You can alter the script to simply store the data in a separate location on your server (where you can then just FTP or SSH in and download the compressed archive), but this process is assuming that you are using both the (gs) and S3.

This tutorial assumes that you know how to login to your (gs) via SSH using either the Terminal in OS X or Linux or PuTTY for Windows. If SSH is still confusing, check out (mt)'s Knowledge Base article and take a deep breath. It looks more scary than it really is.
Acknowledgements

I would be remiss if I didn't give a GIGANTIC shout-out to David at Stress Free Zone and Paul Stamatiou (I met Paul at the Tweet-up in March) who both wrote great guides to backing stuff up server side to S3. I blatantly stole from both of them and rolled my own script that is a combination of the two. Seriously, thank you both for your awesome articles.

Furthermore, none of this would even be possible without the brilliant S3Sync Ruby utility.
Installing S3Sync

Although PHP and Perl script exist to connect with the S3 servers, the Ruby solution that the S3Sync dudes created is much, much better.

The (gs) already has Ruby on it (version 1.8.5 as of this writing), which is up-to-date enough for S3Sync.

OK, so log-in to your (gs) via SSH. My settings (and the defaults for (gs), I assume) are to place you in the .home directory as soon as you login to SSH.

Once you are at the command line, type in the following command:

wget http://s3.amazonaws.com/ServEdge_pub/s3sync/s3sync.tar.gz
This will download the latest S3Sync tarball to your .home folder

tar xvzf s3sync.tar.gz
This uncompresses the archive to its own directory.

rm s3sync.tar.gz cd s3sync mkdir certs cd certs wget http://mirbsd.mirsolutions.de/cvs.cgi/~checkout~/src/etc/ssl.certs.shar sh ssl.certs.shar cd .. mkdir s3backup
That will delete the compressed archive, make a directory for certificates (certs), download an SSL certificate generator script, execute that script and create a backup directory within the s3sync directory called "s3backup."

Now, all you need to do is edit two files in your newly created s3sync folder. You can use TextEdit, TextMate, NotePad or any other text editor to edit these files. You are only going to be changing a few of the values.

I edited the files via Transmit, but you can use vi straight from the command line if you are comfortable.

The first file you want to edit is called s3config.yml.sample

You want to edit that file so that the aws_access_key and aws_secret_access_key fields correspond to those from your S3 account. You can find those in the Access Information area after logging into Amazon.com's Web Services page.

Make sure that the ssl_cert_dir: has the following value (if you created your s3sync folder in the .home directory):
/home/xxxxx/users/.home/s3sync/certs were xxxxx is the name of your server.

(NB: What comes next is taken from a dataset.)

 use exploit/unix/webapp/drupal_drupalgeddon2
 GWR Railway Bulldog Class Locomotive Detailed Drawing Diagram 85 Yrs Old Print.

You can get your entire access path by typing in
pwd
at the command line.

Save that file as s3config.yml

The next step is something I had to do in order to get the s3 part of the script to connect, but it may not be required for all server set-ups, but it was for the (gs).

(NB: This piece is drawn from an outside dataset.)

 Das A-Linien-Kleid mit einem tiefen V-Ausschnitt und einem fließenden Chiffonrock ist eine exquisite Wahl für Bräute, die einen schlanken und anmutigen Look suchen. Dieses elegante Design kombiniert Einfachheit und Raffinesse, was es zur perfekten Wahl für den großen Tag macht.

Edit the s3config.rb file so that the area that says
confpath = [xxxxx]
looks like this
confpath = ["./", "#{ENV['S3CONF']}", "#{ENV['HOME']}/.s3conf", "/etc/s3conf"] Writing the backup script (or editing mine)

OK, that was the hard part. The rest is pretty simple.

I created the following backup script called, "backup_server.sh" This script will backup the content of the domain directories you specify (because if you are like me, some of your domain folders are really just symlinks) and all of your MySQL databases. It will then upload each directory and database in its own compressed archive to the S3 Bucket of your choice. Buckets are unique, so create a Bucket using either the S3Fox tool or Transmit or another S3 manager that is specific for your website.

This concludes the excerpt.